I'll leave you with a final Popper quote:

And I propose to replace, therefore, the question of the sources of our knowledge by the entirely different question: ‘How can we hope to detect and eliminate error?’ The question of the sources of our knowledge, like so many authoritarian questions, is a genetic one. It asks for the origin of our knowledge, in the belief that knowledge may legitimize itself by its pedigree. The nobility of the racially pure knowledge, the untainted knowledge, the knowledge which derives from the highest authority, if possible from God: these are the (often unconscious) metaphysical ideas behind the question. My modified question, ‘How can we hope to detect error?’ may be said to derive from the view that such pure, untainted and certain sources do not exist, and that questions of origin or of purity should not be confounded with questions of validity, or of truth. …. The proper answer to my question ‘How can we hope to detect and eliminate error?’ is I believe, ‘By criticizing the theories or guesses of others and – if we can train ourselves to do so – by criticizing our own theories or guesses.’ …. So my answer to the questions ‘How do you know? What is the source or the basis of your assertion? What observations have led you to it?’ would be: ‘I do not know: my assertion was merely a guess.
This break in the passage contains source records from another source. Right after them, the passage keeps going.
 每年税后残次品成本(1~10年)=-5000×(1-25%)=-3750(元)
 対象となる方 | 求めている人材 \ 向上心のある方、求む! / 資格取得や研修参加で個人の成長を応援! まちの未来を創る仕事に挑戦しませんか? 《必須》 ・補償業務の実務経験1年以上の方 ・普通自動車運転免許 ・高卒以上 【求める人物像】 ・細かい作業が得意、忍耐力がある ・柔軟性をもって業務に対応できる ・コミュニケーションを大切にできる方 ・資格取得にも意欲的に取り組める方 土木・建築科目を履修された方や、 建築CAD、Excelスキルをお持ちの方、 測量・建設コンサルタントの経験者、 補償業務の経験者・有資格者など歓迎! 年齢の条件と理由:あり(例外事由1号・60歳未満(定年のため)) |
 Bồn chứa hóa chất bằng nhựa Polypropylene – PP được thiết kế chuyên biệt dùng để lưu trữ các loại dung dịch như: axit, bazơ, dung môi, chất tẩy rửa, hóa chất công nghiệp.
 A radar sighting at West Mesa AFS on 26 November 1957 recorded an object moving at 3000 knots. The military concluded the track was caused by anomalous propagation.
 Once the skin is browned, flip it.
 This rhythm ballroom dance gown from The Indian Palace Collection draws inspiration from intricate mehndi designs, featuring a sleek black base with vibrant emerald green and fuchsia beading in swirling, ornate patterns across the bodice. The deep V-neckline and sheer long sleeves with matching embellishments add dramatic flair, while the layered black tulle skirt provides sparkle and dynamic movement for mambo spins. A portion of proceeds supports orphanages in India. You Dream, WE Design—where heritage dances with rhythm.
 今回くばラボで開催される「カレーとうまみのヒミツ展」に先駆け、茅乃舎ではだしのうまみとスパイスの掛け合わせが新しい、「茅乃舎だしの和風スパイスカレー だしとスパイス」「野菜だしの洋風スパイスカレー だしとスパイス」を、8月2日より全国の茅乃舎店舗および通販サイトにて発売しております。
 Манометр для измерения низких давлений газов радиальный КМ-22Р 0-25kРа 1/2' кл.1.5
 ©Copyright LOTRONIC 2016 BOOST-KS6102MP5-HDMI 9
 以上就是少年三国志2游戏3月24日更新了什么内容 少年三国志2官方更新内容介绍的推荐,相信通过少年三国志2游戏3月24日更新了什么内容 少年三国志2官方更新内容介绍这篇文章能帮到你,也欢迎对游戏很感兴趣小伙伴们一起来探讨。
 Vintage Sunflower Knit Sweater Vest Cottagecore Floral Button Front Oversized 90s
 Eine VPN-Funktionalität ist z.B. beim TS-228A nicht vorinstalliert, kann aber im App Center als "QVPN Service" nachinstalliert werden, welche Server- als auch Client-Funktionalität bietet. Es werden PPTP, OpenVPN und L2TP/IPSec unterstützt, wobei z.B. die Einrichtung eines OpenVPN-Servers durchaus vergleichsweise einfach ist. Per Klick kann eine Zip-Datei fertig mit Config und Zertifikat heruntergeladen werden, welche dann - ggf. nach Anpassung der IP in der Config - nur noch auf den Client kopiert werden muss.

Never mind the source, or the sources, from which it may spring – there are many possible sources, and I may not be aware of half of them; and origins or pedigrees have in any case little bearing upon truth. But if you are interested in the problem which I tried to solve by my tentative assertion, you may help me by criticizing it as severely as you can; and if you can design some experimental test which you think might refute my assertion, I shall gladly, and to the best of my powers, help you to refute it.